3. At a time when he was not legally represented, Mr Monteiro purported to include in his summons extensive claims for damages against the State and various of its instrumentalities concerned with his custody and supervision. Garling J continues to case manage those aspects of the claim, and they are currently listed for further directions before him on 5 August 2025. The various issues dealing with the application for revocation, are the subject of the separate question, which was formulated by Garling J. Given the complexity of some of the issues, Garling J listed that matter for hearing commencing today, with an estimate of three days. At the time the matter was fixed, it was obviously felt that a sufficient period of time for preparation was required. Hence, the period of about six months that was allowed by the directions his Honour made; I infer.

4. In the interim, Mr Monteiro was able to obtain a grant of Legal Aid for his application for revocation, extending to the retention of solicitors and senior and junior counsel. It is apparent from what Mr Monteiro told me from the bar table, that tension crept into that relationship and, indeed, he said, frankly, there was a breakdown in his relationship with senior counsel briefed, notwithstanding that person's eminence and long experience in this area.

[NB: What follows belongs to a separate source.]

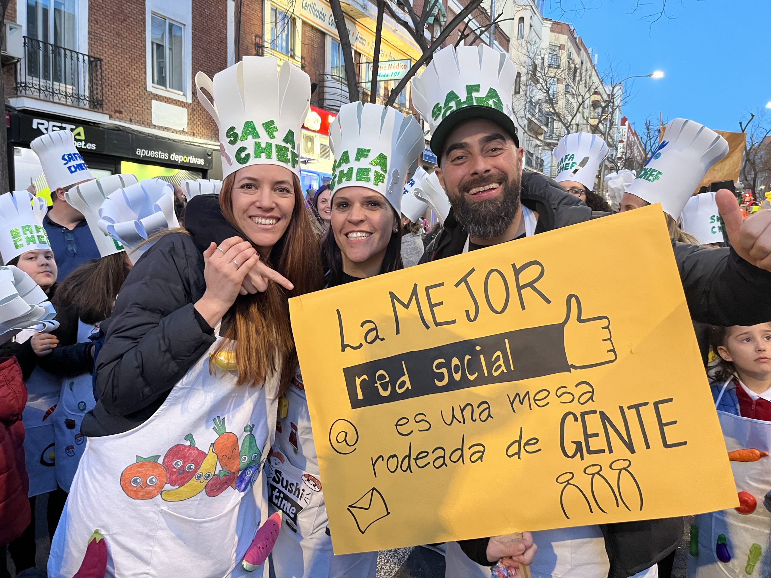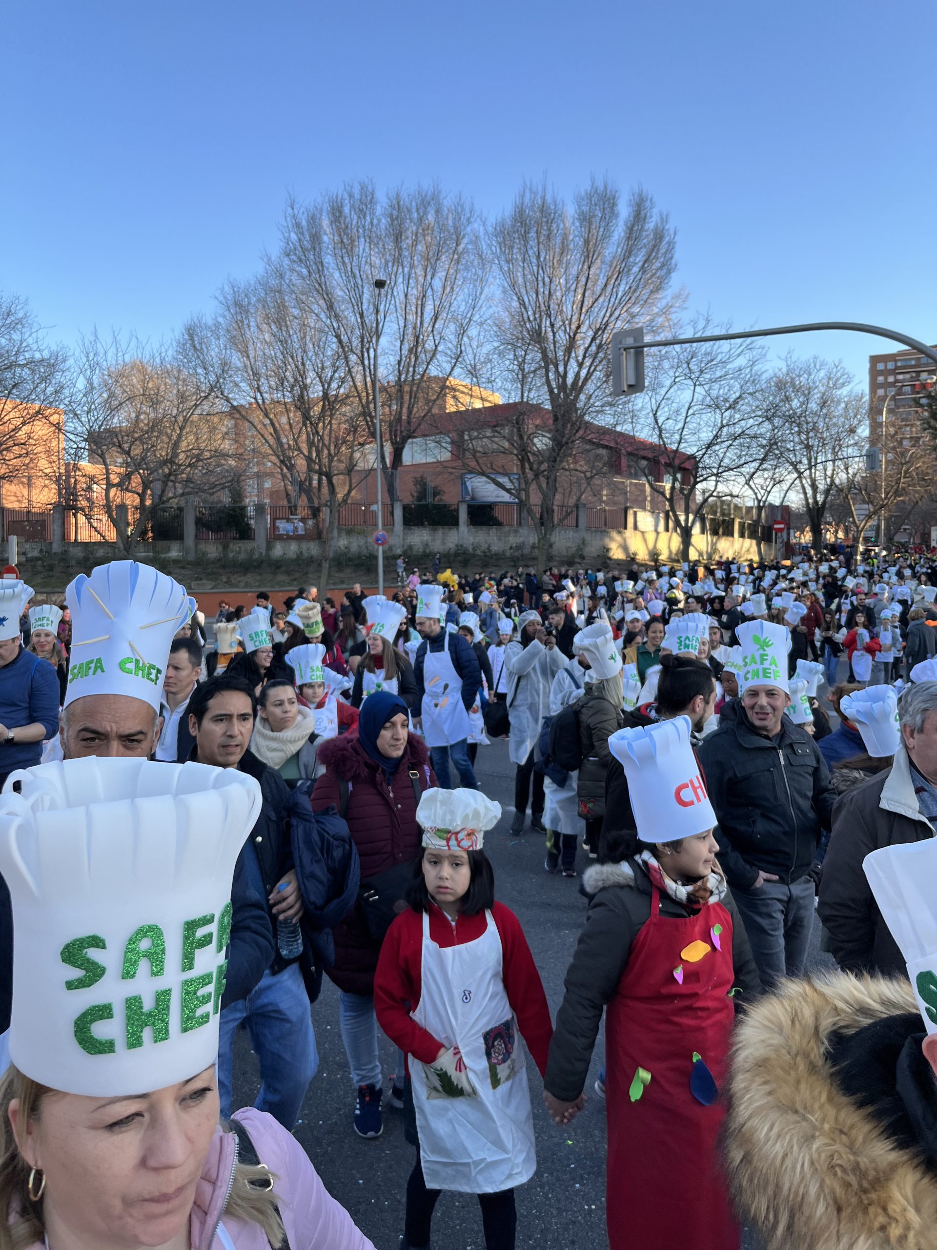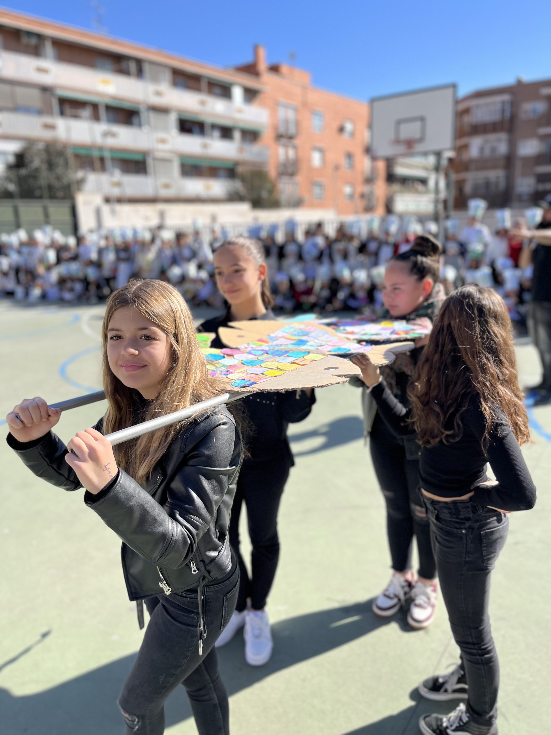 Y, como novedad, esa misma tarde nos apuntamos al desfile de Vallecas, al que asistimos más de 300 personas del cole: miembros del AMPA, familias de todos los cursos, profesores… un evento divertidísimo que, sin duda, repetiremos el año que viene.

5. The situation has now arisen where the solicitors formerly acting for Mr Monteiro, pursuant to the grant of Legal Aid, have withdrawn their representation, and he tells me from the bar table, and it is not disputed by the State of New South Wales, that he was informed of that development last Thursday, that is to say, two business days before the commencement of the hearing. It is also apparent from the way Mr Monteiro wishes to present his case, that all of the evidence he would wish to rely upon, has not been marshalled, reduced into admissible form and served upon the State. In particular, potentially material evidence from a forensic psychologist whom Mr Monteiro tells me has been treating him for some time, has not been obtained. Clearly, such evidence may be highly relevant to the question of whether Mr Monteiro continues to pose an unacceptable risk, within the meaning of s 5B of the Act.

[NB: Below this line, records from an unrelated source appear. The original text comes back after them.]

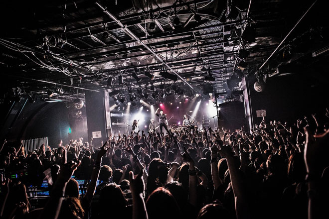 新たなツアーの開幕を告げるSEが鳴り響き、五人の登場を待ち望んだフロアから大歓声が上がる。彼らの1stフルアルバム『GRIMOIRE』の冒頭を飾る「Pandemic」が披露され、最新作『THE BEST 09-17』収録曲を含む、バラエティに富んだ楽曲群がセットリストを彩っていく。やはりここで見逃せないのは”ワンマンライブならでは”のアプローチだ。国内随一のシャウトボーカリストとして高い評価を受ける尋(Vocal)だが、「Aster」のようにメロディアスなバラードをも歌い上げるその様は、彼らの幅広い音楽性を象徴しているといえよう。なおかつ、ハードな長尺セットリストにおいても、決して声を枯らす事なく叫び倒す。あの鍛え抜かれた肉体がそのパワフルさを生み出しているに違いない!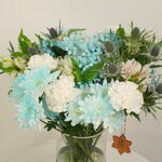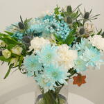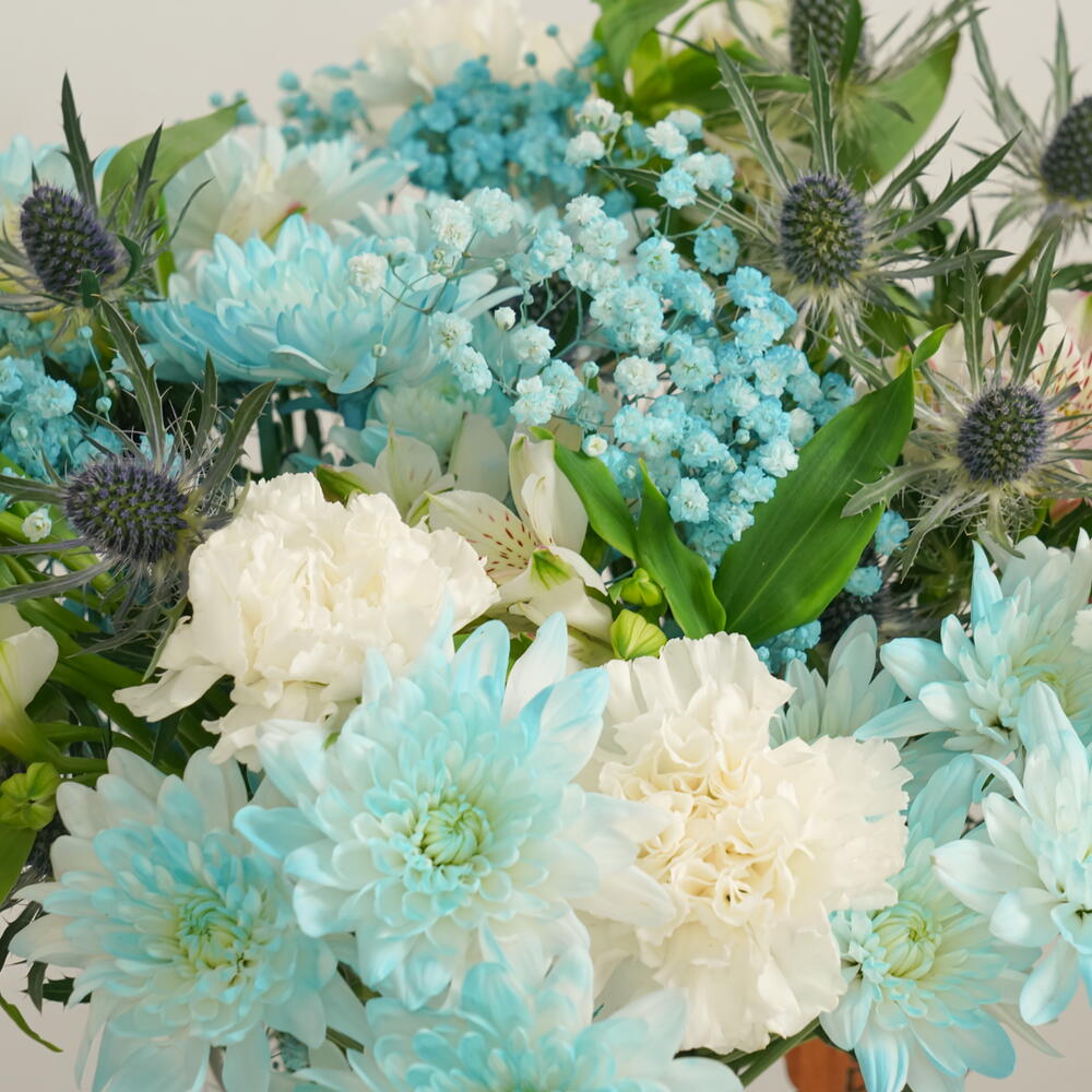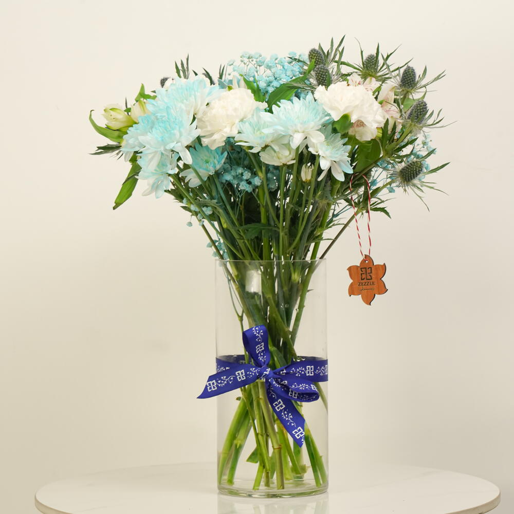 Добавьте в свой интерьер частичку океанской красоты с помощью Oceanic Charm. Этот изысканный букет состоит из 10 синих хризантем, 5 белых альстромерий, 5 синих эрингиумов, нежно-голубой гипсофилы и 5 белых гвоздик, элегантно расположенных в цилиндрической стеклянной вазе. Современный и освежающий подарок, сочетающий в себе изысканность и естественное очарование.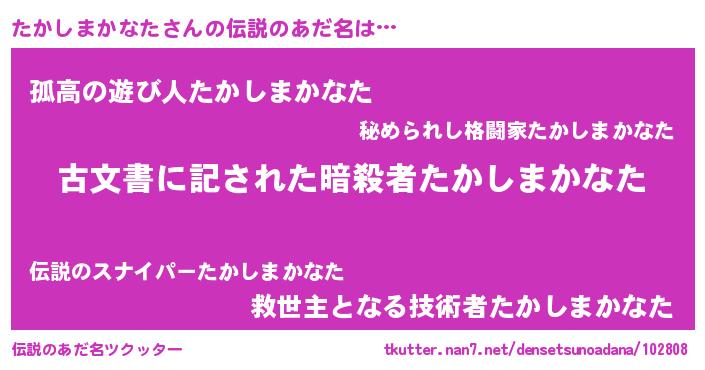 | ヘコむあだ名 | 『たかしまかなた(笑)』『たかを』 |

6. Mr Monteiro also made clear that there is a body of evidence from, I will say, lay witnesses of a positive nature he wished to lead, which he submits is capable of proving that the risk identified on the evidence accepted by Fagan J does not exist. Such lay evidence may well be very material to be considered in conjunction with the expert evidence, in a case of this nature.

7. I should make it clear that, as Mr Monteiro has made clear to me, his case not limited to an argument that there has been a material change in circumstances since Fagan J made the ESO. He wishes to advance the case, that the imposition of the ESO against him, was always unjustified. Mr Monteiro would probably express it in stronger language. While I have discussed with him this morning potential legal difficulties in a wholesale challenge to the legality of the imposition of an order by another judge of the Common Law Division, there is no doubt that the width of the power conferred upon the Court by s 13 of the Act may extend to the consideration of circumstances before the imposition of the order, as well as after: State of New South Wales v Mills [2019] NSWSC 298.

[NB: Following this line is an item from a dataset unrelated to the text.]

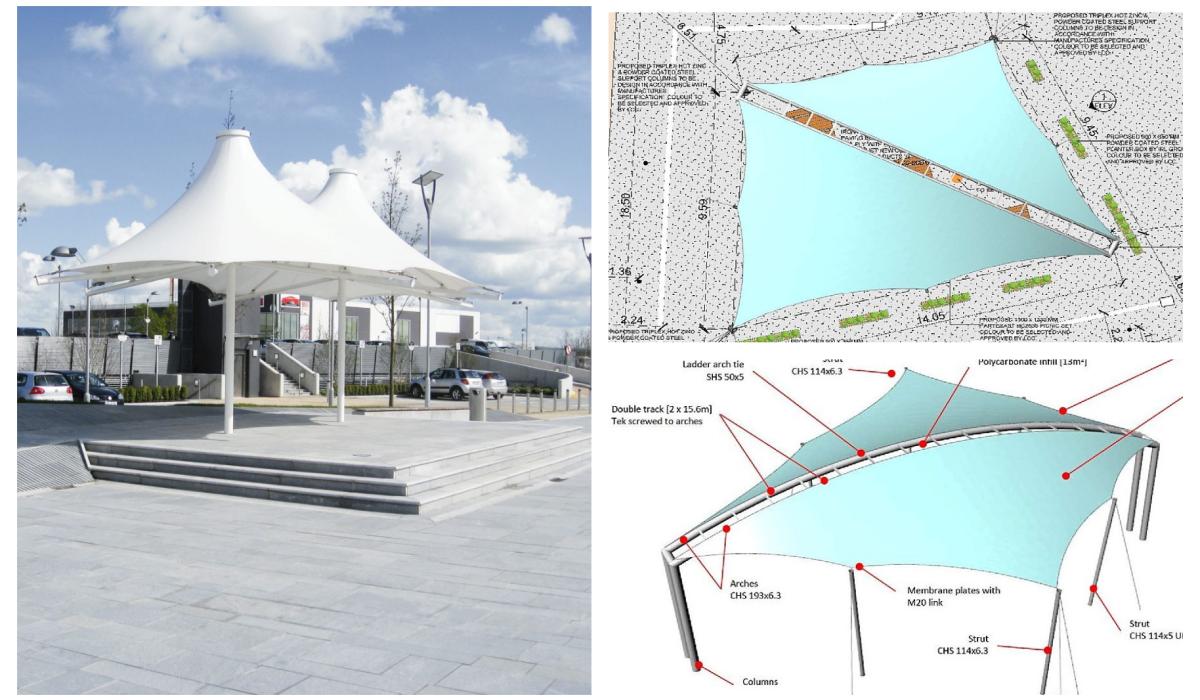 Images of the canopy which will have a similar roof to the structures on the Civic Plaza beside County Hall in Portlaoise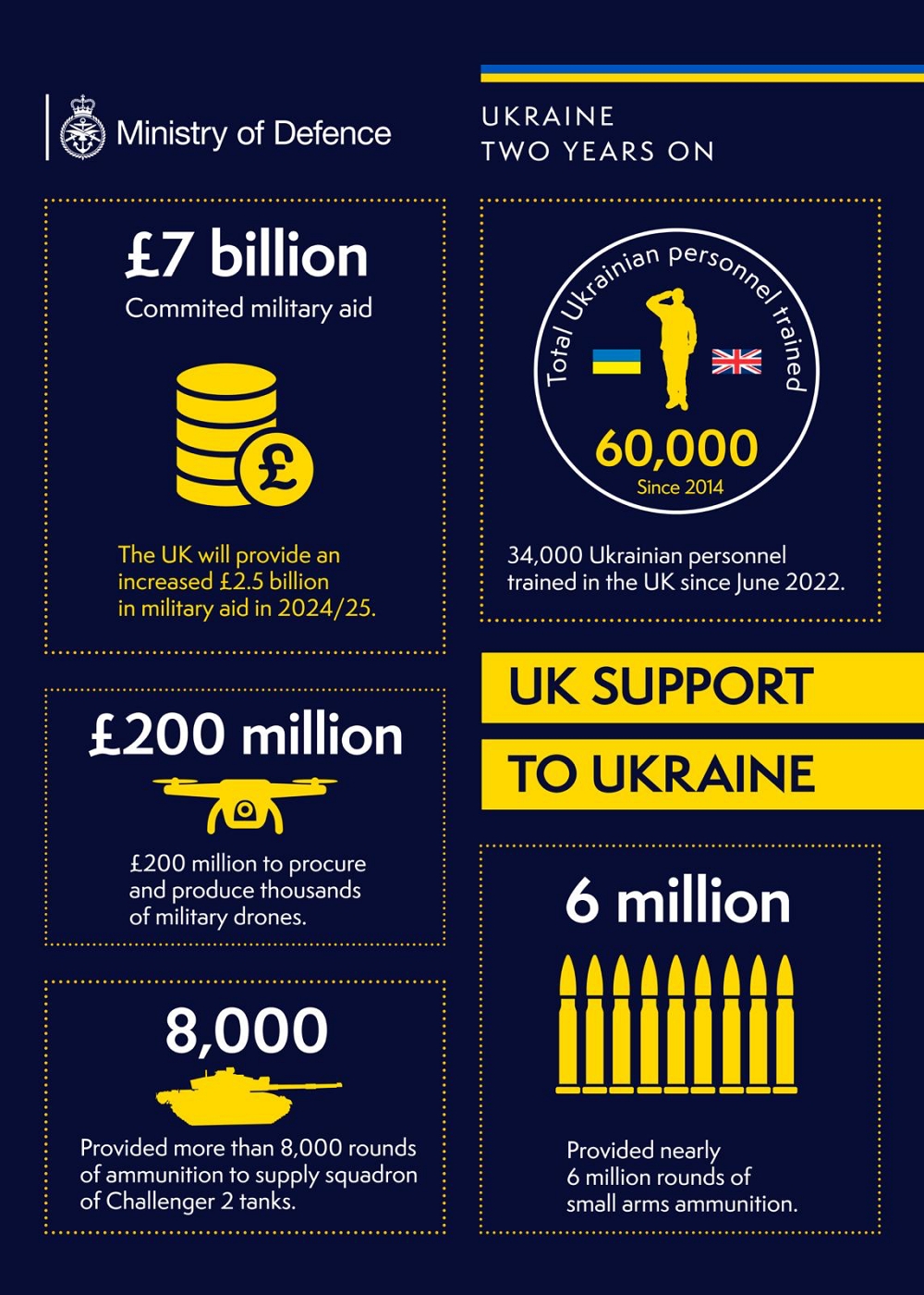The UK is committed to standing with Ukraine for as long as it takes and has committed to provide £2.5 billion in military aid to Ukraine in 2024/25, an increase of £200 million on the previous two years.

8. The matter which is of the most concern in terms of the interests of justice in this case is given that an ESO represents very significant infringement of a person's right to be at liberty, the opportunity to vindicate one's rights with the assistance of properly qualified and experienced legal representation is important. Given the grant of Legal Aid and the previous availability of representation, I am satisfied that Mr Monteiro would wish to take advantage of that opportunity, as he has assured me, to give himself the best chance of successfully pursuing his application. I am persuaded by him that the interests of justice require that I grant him an adjournment, to obtain legal representation by lawyers who will complete the necessary preparation of the evidence, that he tells me is available, relevant to his case.